In a 2025 interview with Scott Melker, Plan B reiterated that this market cycle isn’t over. Based on on-chain data and adoption trends, he believes Bitcoin could reach $400,000–$500,000 before correcting to $100,000–$200,000.

He attributes this potential surge to:

However, he stresses three important caveats:

  1. Only invest what you can afford to lose.
  2. Treat S2F targets as long-term averages, not precise predictions.
  3. Recognize that geopolitical forces—especially government regulation—could disrupt any model.

👉 Track real-time Bitcoin metrics and prepare for the next market cycle.


Final Thoughts

The Stock-to-Flow model offers a compelling narrative: Bitcoin’s value comes from its unchangeable scarcity.
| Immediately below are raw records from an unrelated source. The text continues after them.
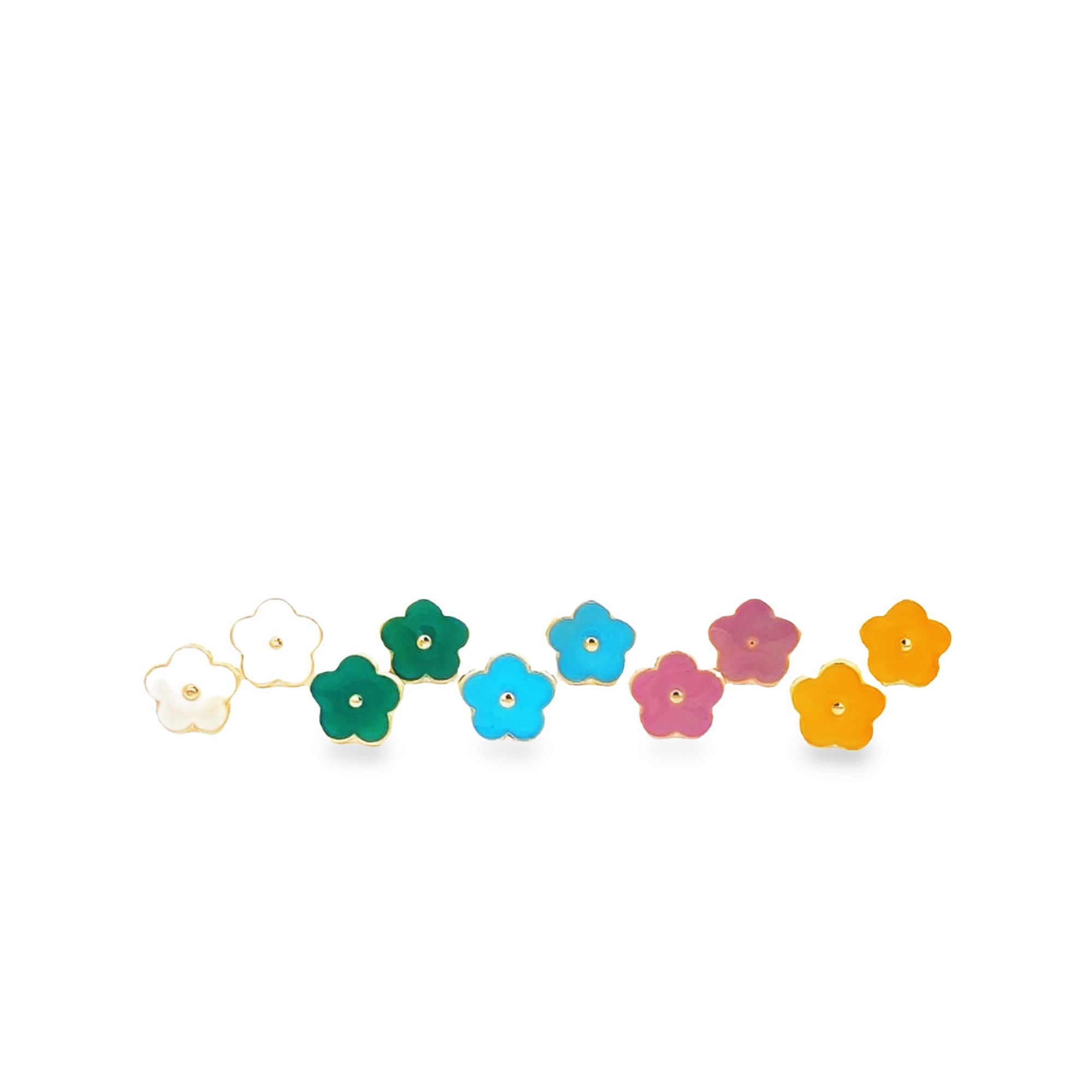 18K Gold Filled 5 Petals Calystegia Flower Colorful Stud Earrings (L422)
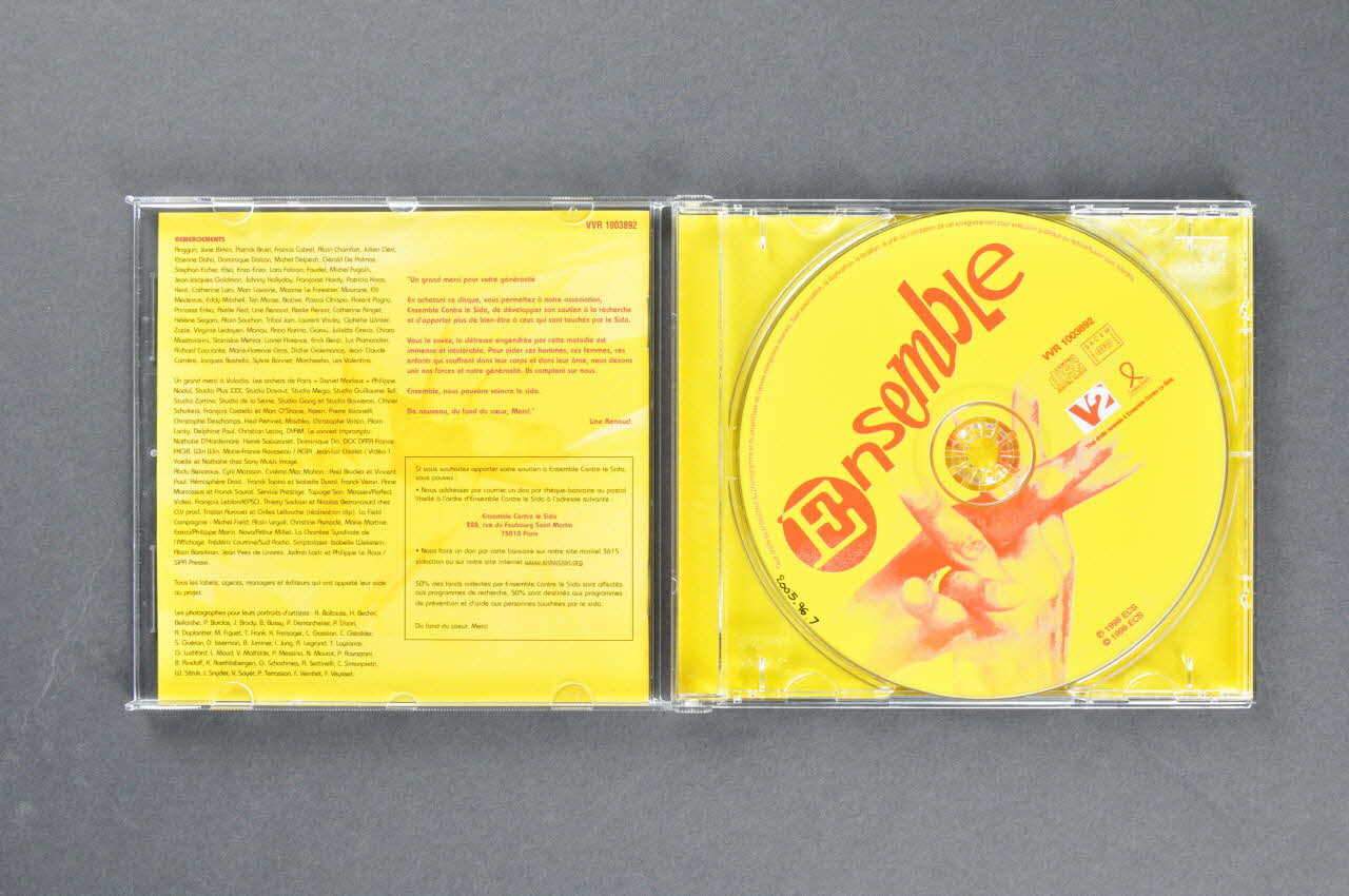 Le couvercle contient le livret. Celui-ci est formé de huit pages de papier glacé, reliées par deux agrafes métalliques. La couverture du livret est jaune, illustrée de deux mains entrelacées, encadrées des titre et noms des chanteurs. Le dos à fond jaune, présente en noir et brun : les remerciements avec un petit texte de Line Renaud. A l'intérieur, on trouve sur les pages 1 et 2, une frise de photographies couleur des artistes. Au dessus, est imprimé le texte de la chanson phare du CD, chantée par tous les artistes. Les pages 3 et 4 présentent les autographes des artistes, et les pages 5 et 6 les titres des chansons. A l'intérieur du boîtier est rangé le CD, de couleur jaune, présentant des impressions rouges, dont les deux mains entrelacées.Inscriptions
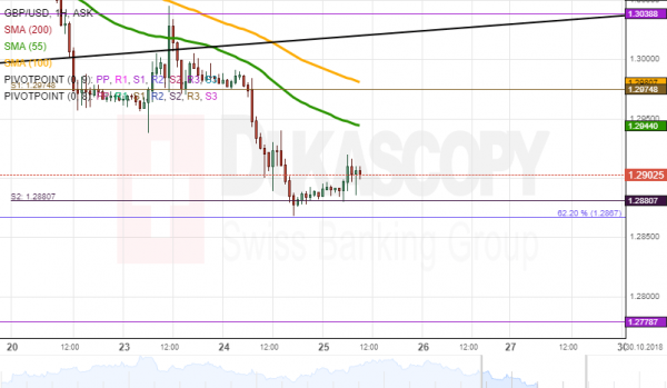 On Thursday, the British pound will trade sideways due to supports of the weekly S2 at 1.2880 and the 62.20% Fibo at 1.2867. It is expected that the currency exchange pair will be trading at the 1.2880 level. Meanwhile, the 55-hour SMA will try to catch up the rate to resist the rate during the day.

While not perfect—and certainly not predictive in the short term—it provides a framework for understanding why demand surges after halvings and how adoption fuels price growth.

Whether you’re a skeptic or a believer, one thing is clear: Bitcoin challenges traditional financial models. Its evolution from digital curiosity to global asset class mirrors a phase transition in motion.

So instead of seeking certainty in models, focus on understanding the fundamentals—scarcity, decentralization, and growing adoption. And if you believe in Bitcoin’s long-term vision?

HODL—and revisit your portfolio in ten years.